Developing more efficient water processing units for oil and gas production is becoming an industry focus. Water occurs naturally within oil and gas reserves and can also be introduced as part of enhanced oil and gas recovery process. The water involved in oil and gas production is called produced water and is an undesired by-product in that industry. Both onshore and offshore produced water requires large amounts of pumping energy and the costs for water management and disposal are rising. The problem is greatest for old wells and for offshore production. Exciting new technologies are being developed to address these issues and engineering simulation can help.
The price and demand for oil now make it financially viable to produce more oil from old fields and deep-sea reservoirs. In both cases the produced water has to be pumped to the surface and either processed for re-injection into the reservoir or disposed. Because the produced water is contaminated with high salinity, oil and heavy metals, discharge and reuse are regulated. To address regulatory and environmental concerns and to reuse the water for enhanced oil recovery the produced water is processed using equipment that might include hydrocyclones, clarifiers and other separators.
For offshore operations there is the added complexity of transporting the produced water through miles of pipes to processing stations — usually an offshore platform or a floating production, storage and offloading unit (FPSO). This is costly since there is no profit made from the produced water. In addition, to pump and process an ever-increasing amount of produced water can push existing processing capacities on offshore platforms to their design limit, requiring either expansion (something that was not planned for in many vessels originally designed 10 to 15 years ago) or a search for alternatives. One alternative that is gaining some viability is moving the processing unit to the sea floor.

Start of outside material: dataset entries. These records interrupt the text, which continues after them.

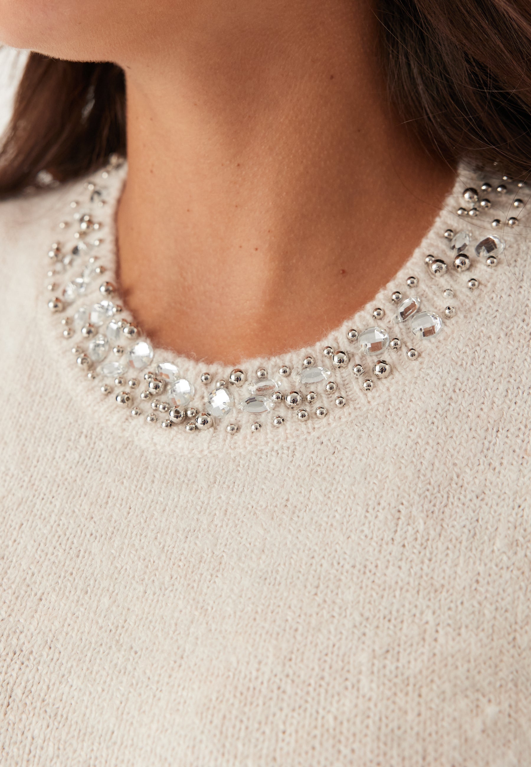 - Rundad halsringning med strassdetalj.
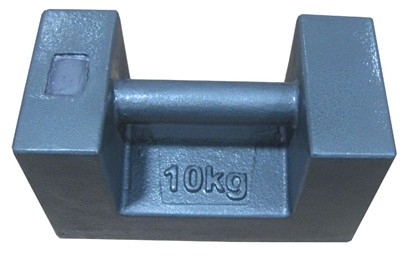 高品质铸铁: 生产标准:OIML-R111,JJG99-2006砝码检定规程 材质:铸铁 结构:顶部调整/侧边调整 密度:7.2g/cm3 形状:锁型 允差(±mg):500 砝码尺寸(L*W*H)mm:190*95*109
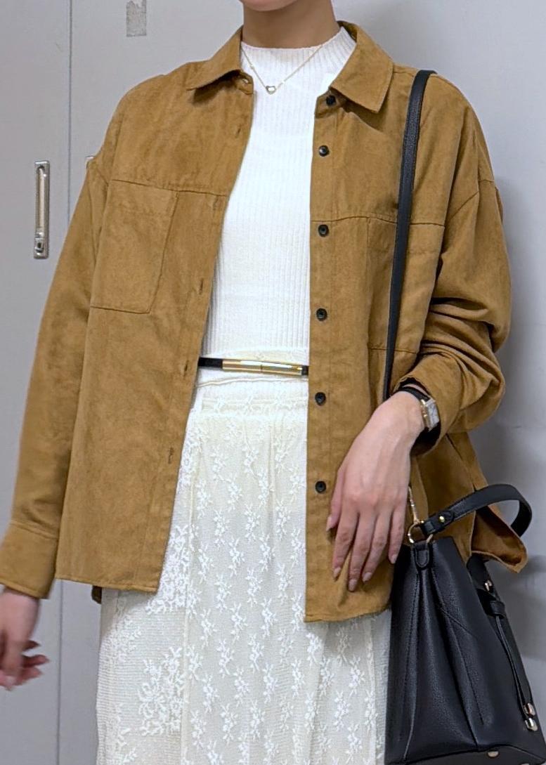 VISスエードライクロングスリーブシャツキャメル系 / F¥4,843レビュー167cmの身長でお尻にかかるくらいの長さでちょうど良かったです◎柔らかいスウェードなのでとても着やすかったです。

The idea to establish equipment on the sea floor to process produced water has been under investigation for many years. Ultra-deep water drilling makes pumping of produced water to the surface extremely costly. In the Arctic, subsea installations have the benefit of longer production seasons and reduce the risk of ice formation and ice impact that affect facilities on the water surface. Making sea-floor installation of water processing equipment viable requires both that the equipment operate reliably with minimal external intervention and at low maintenance, and that disposal of the process water occur without causing contamination. These installations can have enormous impact on increasing yield from depleting oil reservoirs, improving operational efficiency by reducing equipment and piping costs, and overcoming regular slowdowns and production stoppages due to processing equipment bottlenecks. Sea-floor processing facility concepts are moving to testing and implementation stages. Already, Statoil, Petrobras and FMC among others are testing concepts for pumping, separation and water reinjection for facilities built on the sea floor.

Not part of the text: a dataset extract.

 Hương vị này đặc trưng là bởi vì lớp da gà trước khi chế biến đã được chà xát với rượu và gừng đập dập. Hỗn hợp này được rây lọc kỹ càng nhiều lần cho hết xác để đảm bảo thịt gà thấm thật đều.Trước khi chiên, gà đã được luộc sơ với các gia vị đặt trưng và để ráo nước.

Engineering simulation can help companies develop current and next-generation subsea equipment for oil and gas production. The requirements for oil, water, gas and sand separation combined with the level of reliability and durability needed for sea-floor operations make use of engineering simulation solutions essential. ANSYS solutions can be used to engineer the entire system to examine all possible configurations and physical conditions that the equipment will face in the real world. Engineering new sea-floor equipment requires consideration of complex multiphase flow, thermal factors, vibration, structural mechanics, nonlinear material behavior and electronics systems —both alone and in combination. In addition, since sea-floor processing systems need to work for a broad range of conditions without operator intervention, monitoring functionality and separation methods for these new systems must be developed and perfected. It is very important to reduce equipment complexity to increase reliability. Electronic and control systems must be designed to reliably service the subsea installations. Remotely operated vehicles (ROVs) will need to be developed and deployed to build and maintain the sea-floor equipment.

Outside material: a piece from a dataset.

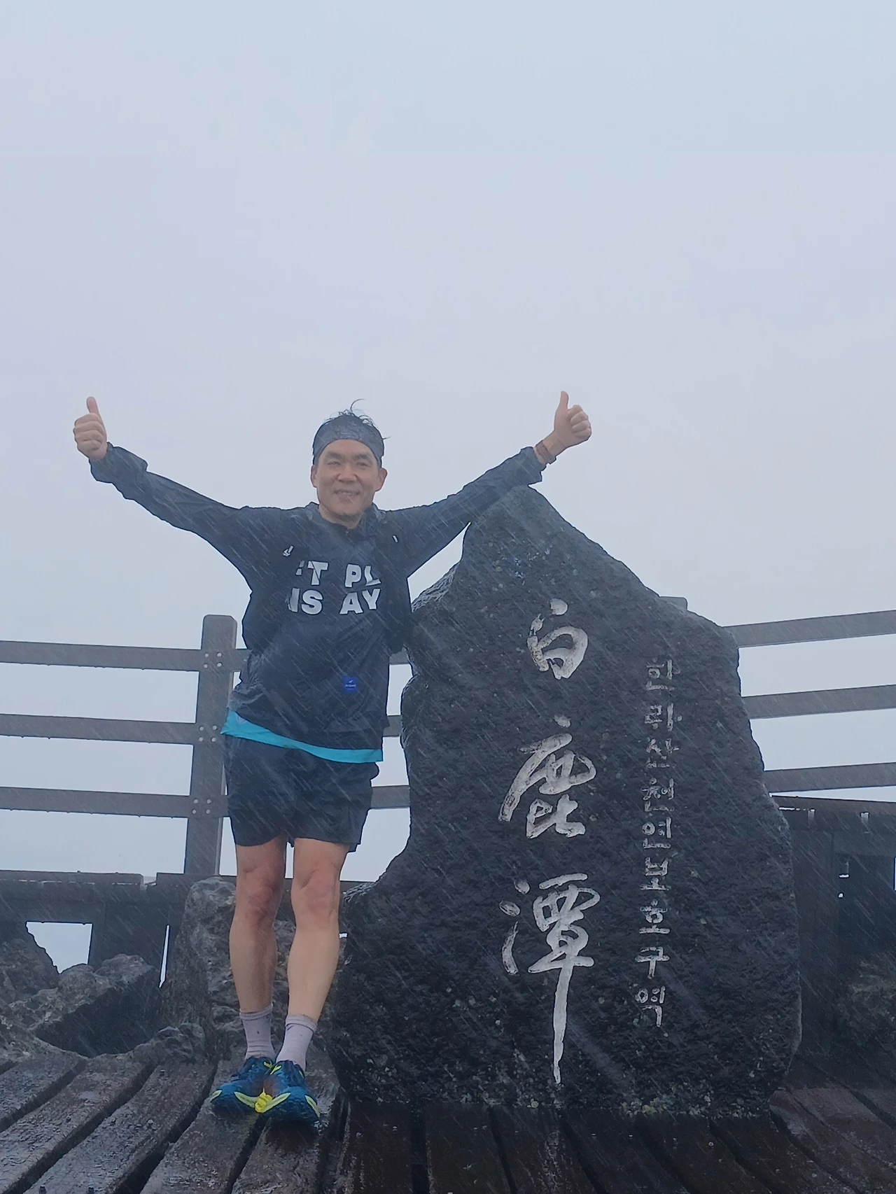 얼어 죽어도 아메리카노가 아니라 얼어 죽어도 싱글렛을 입어야 진짜 러너지만, 이젠 살기 위해서 겉옷을 입어야 했다. 시작부터 비에 젖어 축축해진 바람막이를 다시 꺼내 입고 정상을 향해 돌을 밟는다. 한 치 앞이 안 보이는 비현실적인 안개와 비바람에도 오히려 정신은 또렷하다.
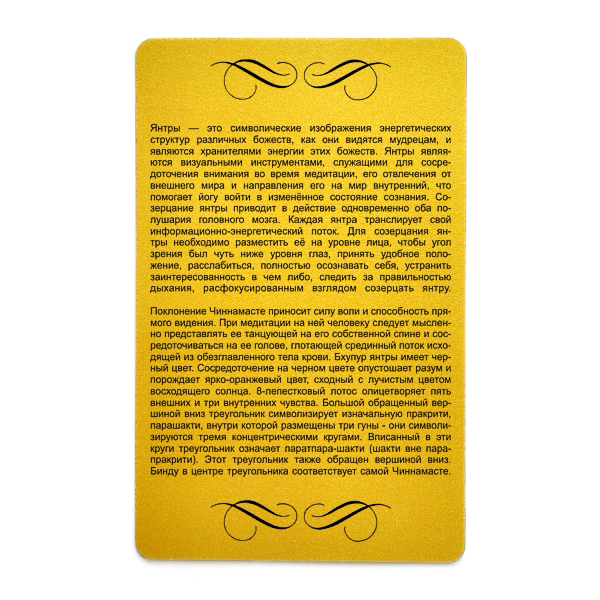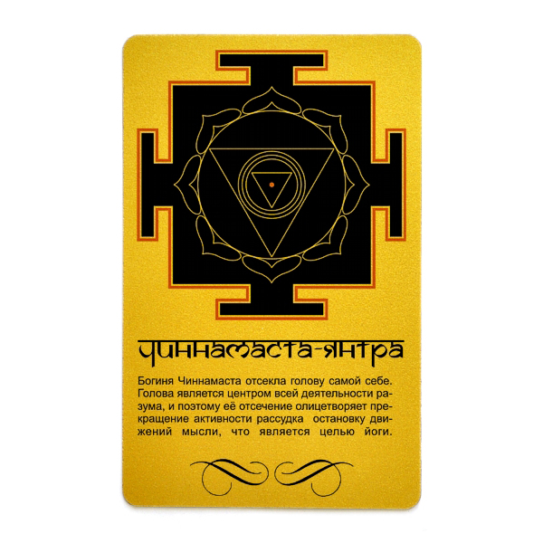 Карта с Чиннамаста янтрой изготовлена из золотистого пластика и имеет удобный размер – размер банковской карты. Это позволяет носить её с собой и при необходимости "подзаряжаться" общением с идущем через неё информационно-энергетическим потоком. Купить янтру Чиннамаста можно как для себя, так и в подарок близкому человеку, который способен оценить такой дар и возможность духовного самосовершенствования.

ANSYS solutions are developed with these types of industry requirements in mind. Rather than a single-point solution it is possible to engineer the entire system. Using ANSYS advanced technology solutions in electronic, electromagnetic, fluids and structural mechanics each component and the full system can be optimized. Through simulation-driven product development (SDPD) many aspects of engineering analysis and design related to oil and gas production and processing equipment can be evaluated in an integrated environment using virtual prototyping long before manufacture and deployment. And, through embedded optimization and parameterization technology it is possible to develop robust designs by evaluating many parameters. These practices lead to simple and elegant designs that will meet the quality, durability and dependability requirements of subsea projects.